▶ _Exercise aim_:
Under this line are the records; repeat exactly the lines starting at the one containing "Uma elegante placa" and ending at the one containing "キャンディジェイドにハニース", omitting pictures.

▶ _Material provided_:
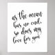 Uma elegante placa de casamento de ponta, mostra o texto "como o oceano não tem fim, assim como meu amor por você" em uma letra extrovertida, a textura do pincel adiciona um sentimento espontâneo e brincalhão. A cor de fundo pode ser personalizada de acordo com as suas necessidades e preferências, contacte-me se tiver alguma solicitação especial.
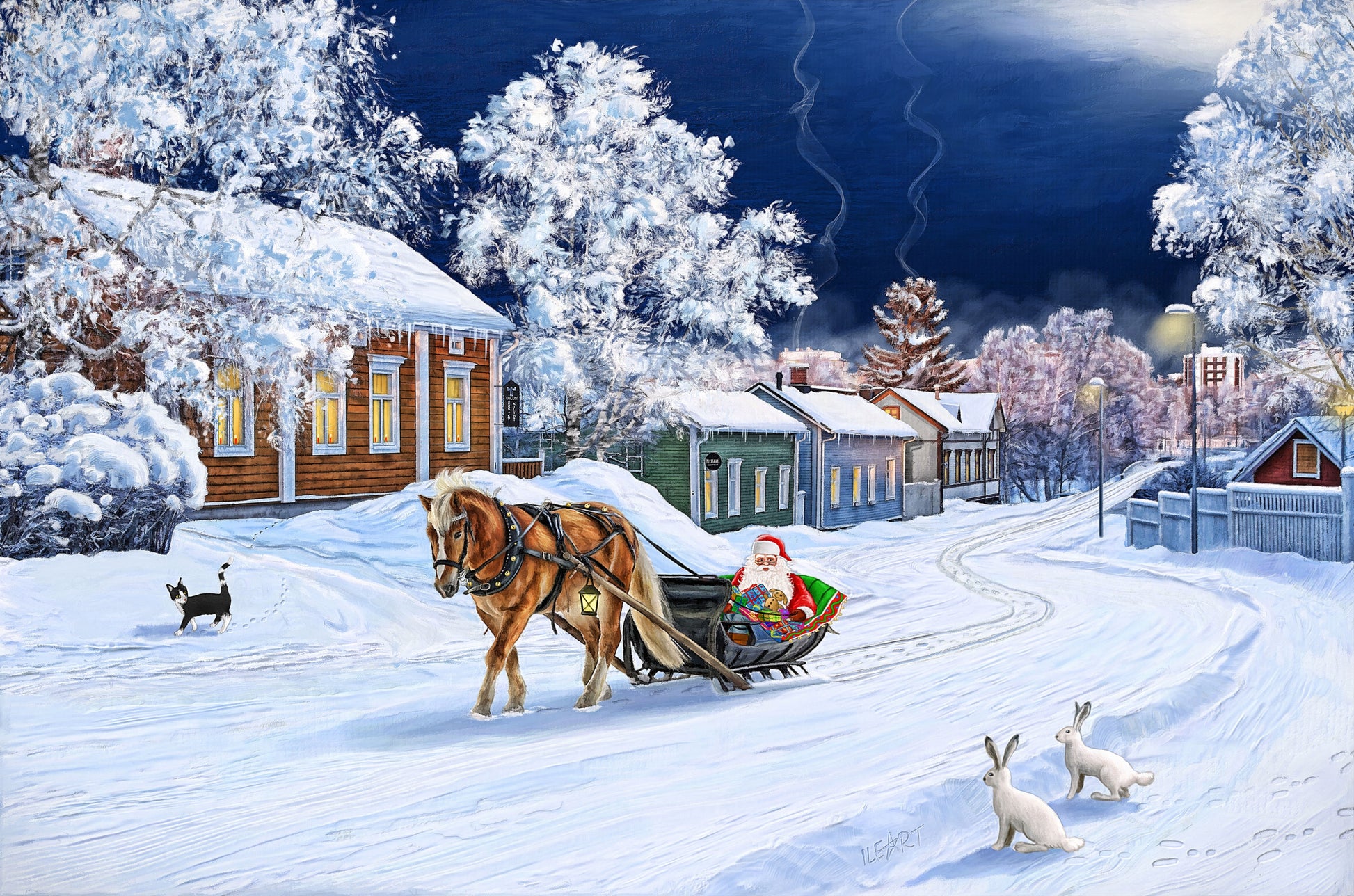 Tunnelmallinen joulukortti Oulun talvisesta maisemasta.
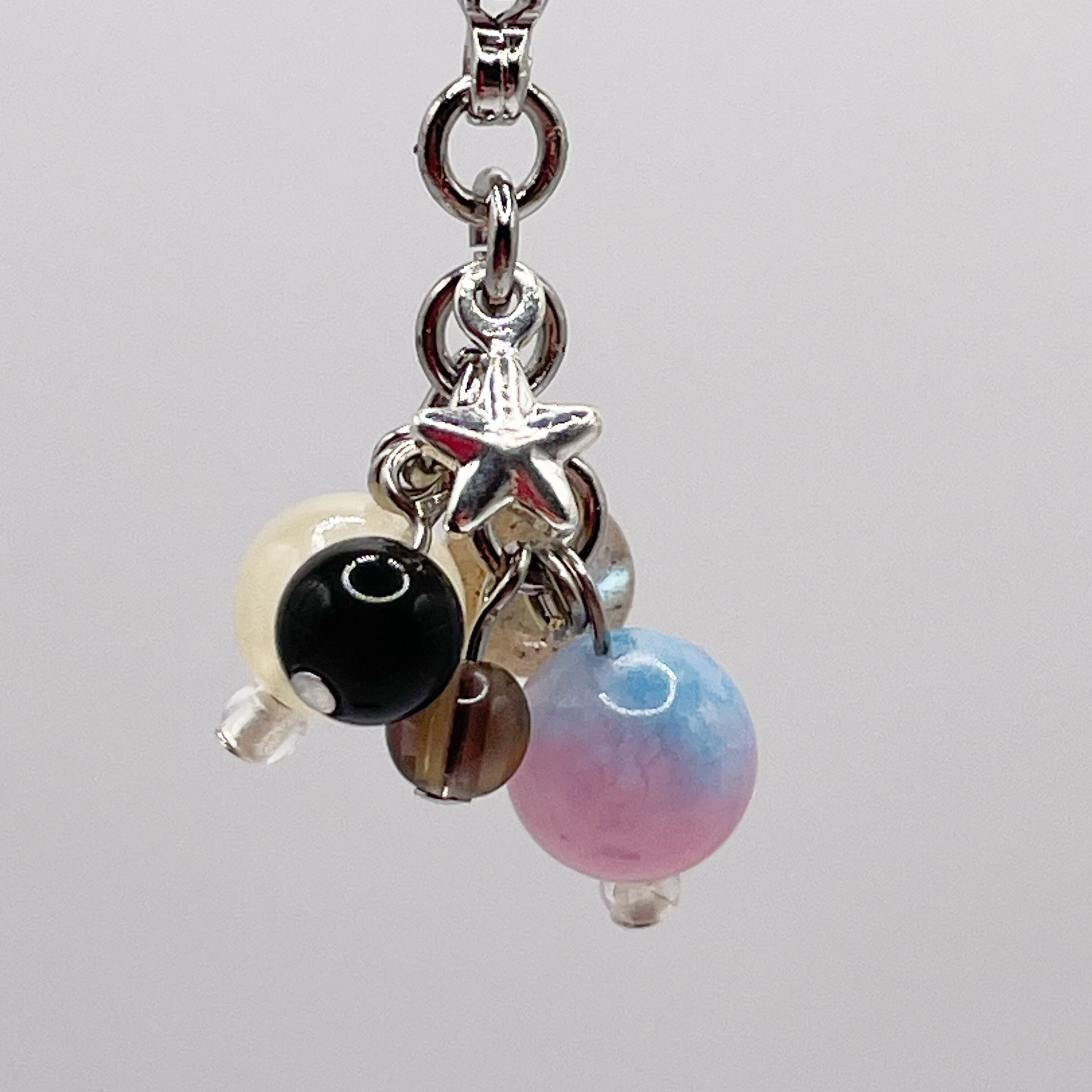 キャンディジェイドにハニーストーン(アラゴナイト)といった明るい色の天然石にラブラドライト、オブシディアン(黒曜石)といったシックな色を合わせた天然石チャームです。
* * *
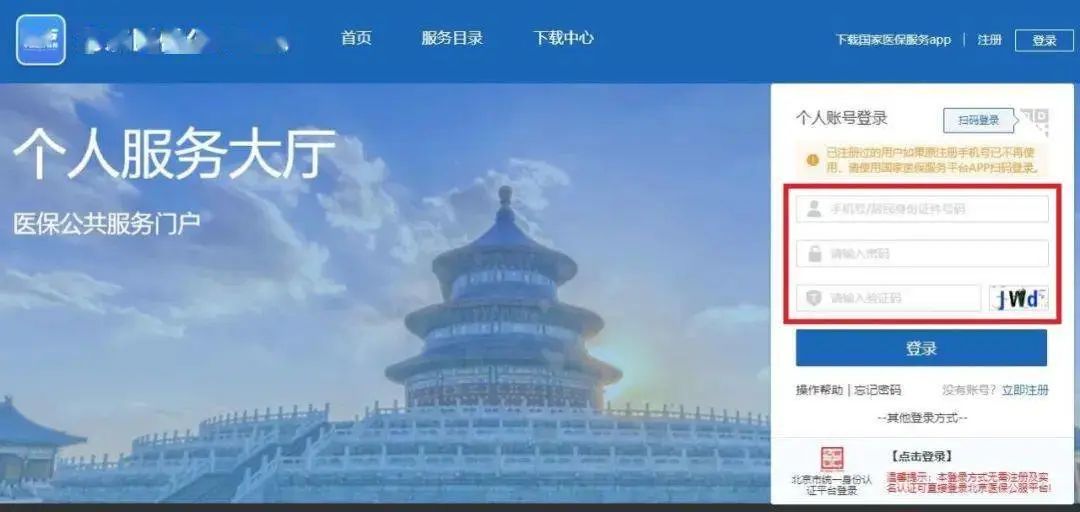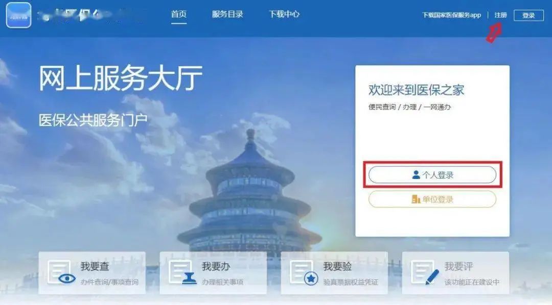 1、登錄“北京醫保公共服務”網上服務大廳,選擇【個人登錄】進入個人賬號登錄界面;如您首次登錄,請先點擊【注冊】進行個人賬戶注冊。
* * *
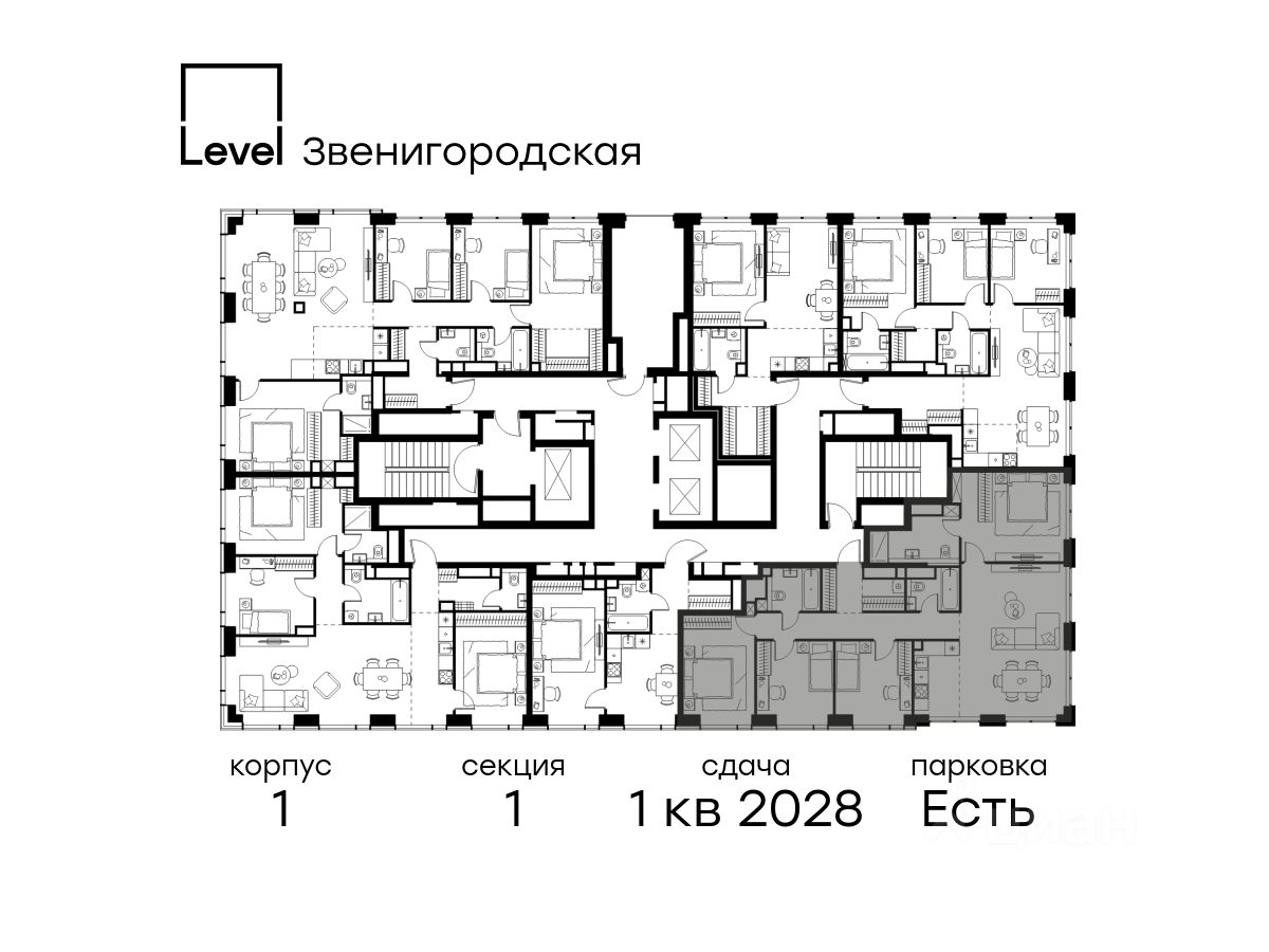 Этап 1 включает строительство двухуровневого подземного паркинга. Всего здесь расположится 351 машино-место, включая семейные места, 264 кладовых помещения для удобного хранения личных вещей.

▶ _Solution below_:
 Uma elegante placa de casamento de ponta, mostra o texto "como o oceano não tem fim, assim como meu amor por você" em uma letra extrovertida, a textura do pincel adiciona um sentimento espontâneo e brincalhão. A cor de fundo pode ser personalizada de acordo com as suas necessidades e preferências, contacte-me se tiver alguma solicitação especial.
 Tunnelmallinen joulukortti Oulun talvisesta maisemasta.
 キャンディジェイドにハニーストーン(アラゴナイト)といった明るい色の天然石にラブラドライト、オブシディアン(黒曜石)といったシックな色を合わせた天然石チャームです。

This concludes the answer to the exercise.